SU-CS224N APR042024

stochastic gradient descent

See stochastic gradient descent

Word2Vec

see word2vec

Or, we can even use a simpler approach, window-based co-occurance

GloVe

goal: we want to capture linear meaning components in a word vector space correct
insight: the ratio of co-occurrence probabilities are linear meaning components

Therefore, GloVe vectors comes from a log-bilinear:

\begin{equation} w_{i} \cdot w_{j} = \log P(i|j) \end{equation}

such that:

\begin{equation} w_{x} \cdot (w_{a} - w_{b}) = \log \frac{P(x|a)}{P(x|b)} \end{equation}

Evaluating a NLP System

Intrinsic

evaluate on the specific target task the system is trained on
evaluate speed
evaluate understandability

Extrinsic

real task + attempt to replace older system with new system
maybe expensive to compute

Word Sense Ambiguity

Each word may have multiple different meanings; each of those separate word sense should live in a different place.
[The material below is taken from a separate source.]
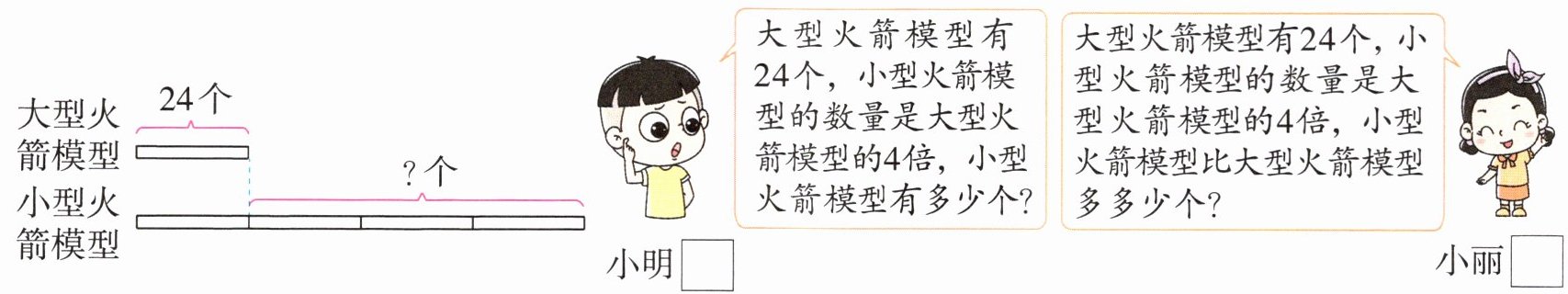 (2)24×(4−1)=72(个)答:小型火箭模型比大型火箭模型多72个。

However, words with polysemy have related senses, so we usually average:

\begin{equation} v = a_1 v_1 + a_2v_2 + a_3v_3 \end{equation}

where \(a_{j}\) is the frequency for the \(j\) th sense of the word, and \(v_1 … v_{3}\) are separate word senses.

sparse coding

if each sense is relatively common, at high enough dimensions, sparse coding allows you to recover the component sense vectors from the average word vectors because of the general sparsity of the vector space.

Word-Vector NER

Create a window +- n words next to each word to classify; feed the entire sequence’s embeddings concatenated into a neural classifier, and use a target to say whether the center word is a entity/person/no label, etc.

These simplest classifiers usually use softmax, which, without other activations, gives a linear decision boundary.

With a neural classifier, we can add enough nonlinearity in the middle to make the entire representation, but the final output layer will still contain a linear classifier.